Failure to turn off power and water can lead to electric shock and water damage.

Solution: To avoid this issue: Be mindful of this warning and take appropriate precautions.

Difficulty reaching mounting screws behind the sink.

Solution: A long Phillips screwdriver makes it easier to reach the mounting screws behind the sink.

Difficulty accessing shower valve plumbing due to limited clearance.

Solution: Using a low-profile pan can make it easier to fit under the plumbing.

If you cannot find or operate the shutoff valves under the sink, you will need to shut off the main water valve for the entire house.

Solution: To avoid this issue: Be mindful of this warning and take appropriate precautions.

Water spills can create slippery floors and damage surrounding materials.

Solution: Keep a towel handy to clean up any spills immediately.

Forgetting the original pipe configuration leads to incorrect reassembly.

Solution: Taking a photo of the plumbing setup before you start is a great way to remember how everything connects.

Removing and installing a shower valve without an access panel is extremely difficult.

Solution: Having an access panel simplifies the removal of the old valve and installation of the new one immensely.

Frequently Asked Questions

What are the most critical skills and tools required for this project, especially for a beginner?

The most critical skill is copper pipe soldering, as the new valve needs to be securely joined. Essential tools include a pipe cutter (like the AUTOCUT 1/2 in. Copper Pipe Tubing Cutter), a soldering torch kit, flux, solder, and safety glasses (HDX Indoor Safety Glasses). Practice soldering on scrap pipe if you're new to it.

How can I ensure I don't cause water damage or other issues during installation?

Always shut off the main water supply to your house before starting any plumbing work.

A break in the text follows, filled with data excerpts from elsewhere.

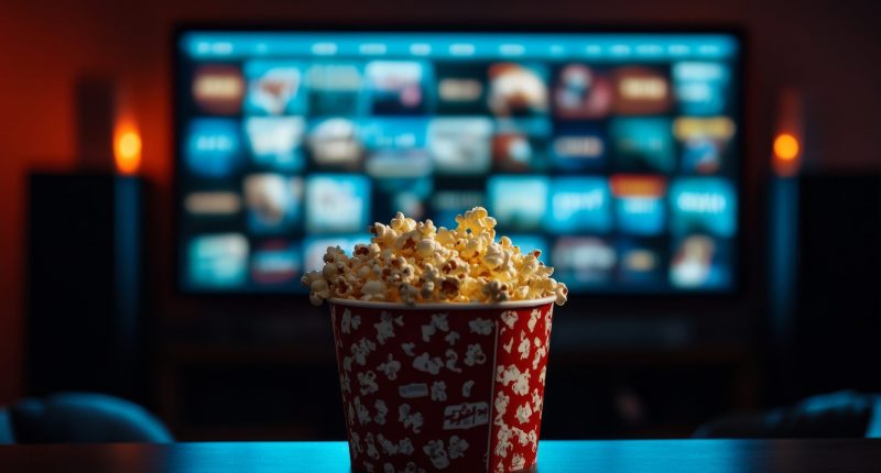 Popcorn bucket and streaming service on TV. (Source: Adobe Stock. Generated by AI)
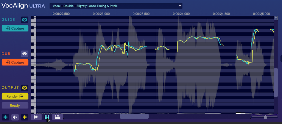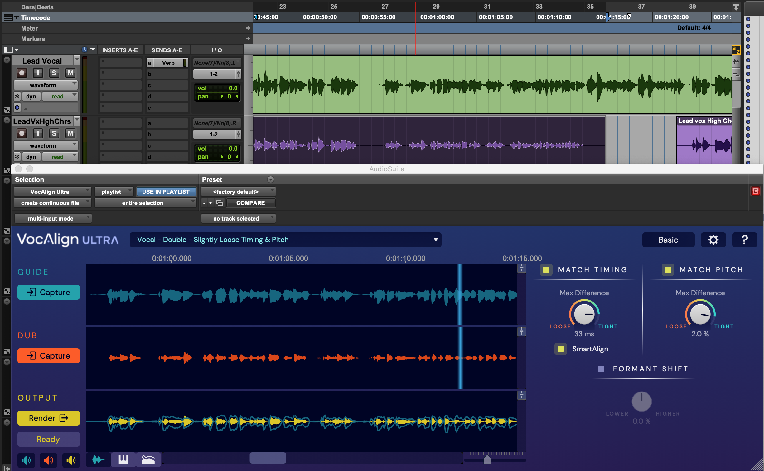 1. The second track is a double of the first (even though they're an octave apart), so in VocAlign Ultra, select the Vocal – Double – Slightly Loose Timing & Pitch preset before Capturing the Dub. This ensures that the Dub will be processed with this setting as soon as it is Captured.
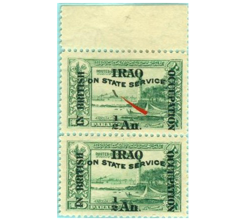 在伊拉克王国成为独立的主权国家以前,长期遭受土耳其奥斯曼帝国的统治。第一次世界大战暴发后,来自印度的英国远征军占领了这片土地。在英占时期的1917年至1920年,英国占领区邮票使用在土耳其奥斯曼帝国发行的邮票上进行加盖改值,邮资面值采用印度通用货币单位卢比(Rs)和安尼(An),其中“巴格达发行票”加盖“IN BRITISH OCCUPATION/BAGHDAD”,“伊拉克发行票”加盖“IN BRITISH OCCUPATION/IRAQ”,还有一种是“摩苏尔发行票”加盖“POSTAGE/I.E.F.’D’”。

After soldering, pressurize the system and carefully inspect all new connections for leaks before closing up the wall. Use Kleenex Paper Towels to dab around joints and confirm they are completely dry.

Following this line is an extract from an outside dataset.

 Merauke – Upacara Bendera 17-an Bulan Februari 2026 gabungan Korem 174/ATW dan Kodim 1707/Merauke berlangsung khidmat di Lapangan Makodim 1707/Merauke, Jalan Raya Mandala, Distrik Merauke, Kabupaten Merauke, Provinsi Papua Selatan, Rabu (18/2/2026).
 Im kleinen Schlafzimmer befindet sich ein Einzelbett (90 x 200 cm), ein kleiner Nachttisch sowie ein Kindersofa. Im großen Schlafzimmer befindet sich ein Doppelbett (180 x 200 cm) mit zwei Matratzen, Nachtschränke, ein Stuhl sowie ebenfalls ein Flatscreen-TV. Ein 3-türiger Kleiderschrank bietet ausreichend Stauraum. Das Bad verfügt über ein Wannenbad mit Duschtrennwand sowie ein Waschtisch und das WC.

What's a realistic timeframe and difficulty level I should expect for this shower valve replacement?

This project is rated intermediate due to the necessary soldering and gaining access to the plumbing within the wall. For an experienced DIYer, it might take 4-6 hours, but beginners should budget a full day (8+ hours) to account for learning, careful work, and potential troubleshooting.

Are there alternatives to soldering the new shower valve if I'm not comfortable with a torch?

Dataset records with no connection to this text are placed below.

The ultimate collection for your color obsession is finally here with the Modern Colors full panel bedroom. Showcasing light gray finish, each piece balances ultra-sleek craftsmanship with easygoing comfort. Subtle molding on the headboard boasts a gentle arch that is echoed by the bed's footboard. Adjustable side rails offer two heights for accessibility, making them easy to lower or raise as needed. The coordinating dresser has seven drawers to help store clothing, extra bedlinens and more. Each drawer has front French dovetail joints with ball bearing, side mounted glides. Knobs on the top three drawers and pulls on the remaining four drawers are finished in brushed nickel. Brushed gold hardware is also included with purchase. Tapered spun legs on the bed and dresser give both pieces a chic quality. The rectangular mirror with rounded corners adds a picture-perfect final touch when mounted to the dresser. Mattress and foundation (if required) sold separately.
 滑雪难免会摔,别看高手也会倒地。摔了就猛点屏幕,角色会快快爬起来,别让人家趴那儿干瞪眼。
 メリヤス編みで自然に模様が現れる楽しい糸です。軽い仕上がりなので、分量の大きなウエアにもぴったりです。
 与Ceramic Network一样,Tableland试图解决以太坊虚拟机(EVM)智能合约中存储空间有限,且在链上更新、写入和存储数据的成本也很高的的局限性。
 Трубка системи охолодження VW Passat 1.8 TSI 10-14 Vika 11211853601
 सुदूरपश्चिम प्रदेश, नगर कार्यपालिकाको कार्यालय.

Yes, you can use push-to-connect (e.g., SharkBite) or PEX crimp fittings as alternatives to soldering. These methods require different tools like a PEX crimper or just the specific fittings themselves. While often quicker, they can be more expensive than traditional copper soldering and may result in a bulkier installation.

What are common mistakes to avoid, particularly regarding securing the valve and preventing leaks?

A common mistake is not properly securing the valve body, which can lead to movement and trim issues or even leaks. Ensure the valve is firmly mounted to a wood block or bracing within the wall using #10 3” Wood Screws before soldering. Also, always double-check each solder joint for full, even coverage to prevent pinhole leaks.

How do I safely access the plumbing inside the wall without damaging electrical wires or existing structures?

Use a stud finder (like the DEWALT 1-1/2 in. Stud Finder DW0150) to locate wall studs and identify a safe area for cutting out the drywall. Always assume electrical wires or other pipes might be present; make shallow, careful cuts with a utility knife or jab saw until you can visually inspect behind the wall.